The results hit just about everything Petersen captioned. DALL-E 2 grabbed almost everything Petersen asked for except for the dolphins. He didn’t even put it all in one sentence.
DALL-E 2 SOMETIMES TAKES PHRASES TOO LITERALLY
Regardless of the caption you create, DALL-E 2 will produce. It has been said often that “imagination is the limit,” but by seeing the results DALL-E 2 has produced, imagination isn’t the issue. But this is AI and while it’s growing by leaps and bounds, it has a certain lack of common sense to it.
For the most part, DALL-E 2 end results look fantastic. Sometimes, though, they lack the true human creation. Sometimes the pictures are too perfect, something you wouldn’t see in the real world. Sometimes, the pictures become too literal.
In one example, a caption read “a close up of a hand palm with leaves growing from it.” The picture generated by DALL-E 2 was precise as it showed two hands together with a plant growing from them. But what it didn’t do was understand to separate the hands, they appear fused together.
Another limitation seen with DALL-E 2 is that it can be, quite frankly, terrible at spelling. It appears that DALL-E 2 doesn’t encode the spelling from whatever text it reads in the dataset images. Therefore you will oftentimes see simple words badly misspelled.
So, if you are keen on trying out DALL-E 2, keep this in mind. You might get results that are too perfect or you might get results that are too literal and misspelled. You may also get results that will simply blow you away with imagination.
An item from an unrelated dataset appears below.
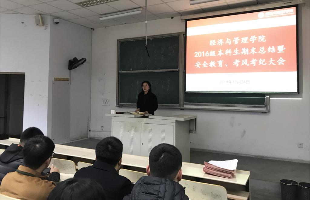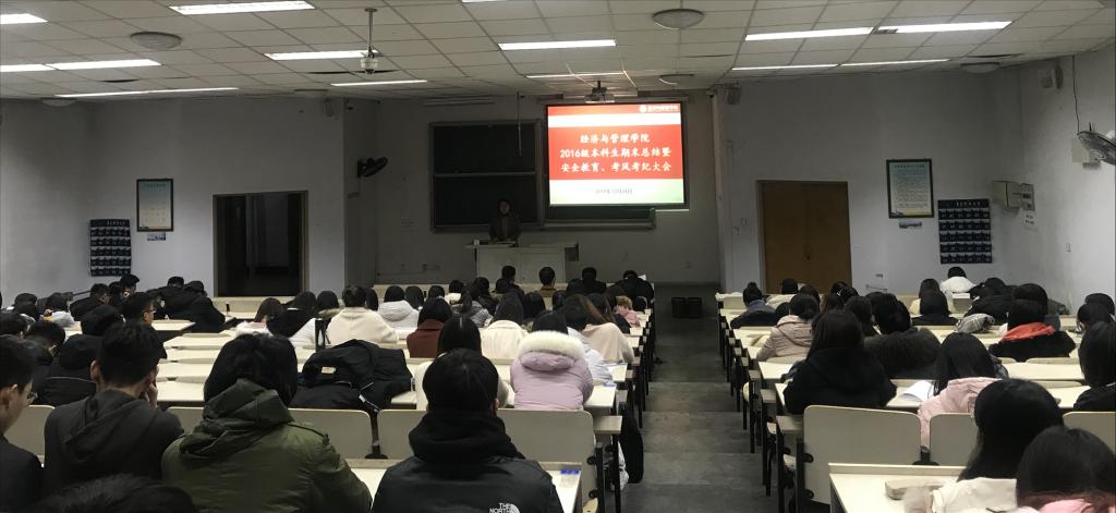为进一步贯彻落实学校、学院关于防诈骗、考风考纪、安全教育、就业指导的工作要求,深入增强学生安全防范意识,巩固提升学院学风建设,12月24日,tyc1286太阳成集团2016级本科生于弘毅楼E302室召开期末总结暨安全教育、考风考纪大会。本次大会由16级辅导员王聪、付凯主持,16级全体学生参加。

CONCERNS OVER STEREOTYPES, INAPPROPRIATE IMAGES, AND DEEPFAKES
There are a number of social aspects that have become a concern with AI programs such as DALL-E 2. For now, biases and stereotypes are some of the concerns seen with the techonology. An unspecific prompt will show people and environments as white and Western while gender stereotypes prevail (builders are men while flight attendants are women).
Explicit content is another major concern. OpenAI has a violence policy that wouldn’t allow for something like “a dead elephant in a pool of blood” but we know everyone finds workarounds. “A sleeping elephant lying in a pool of red liquid” would probably get the results one was looking for.
Deepfakes are also a possibility and although they use GANs (a deep learning technique DALL-E 2 does not use), the problem is real. People could learn to use inpainting (which is what DALL-E 2 uses) to add or even remove people or objects. This process is strictly prohibited by OpenAI, but people do what people do.
Technology is moving fast. AI is becoming more a part of our lives and we are just on the cutting edge of it. DALL-E 2 is only the beginning, but it also has its eye on the future.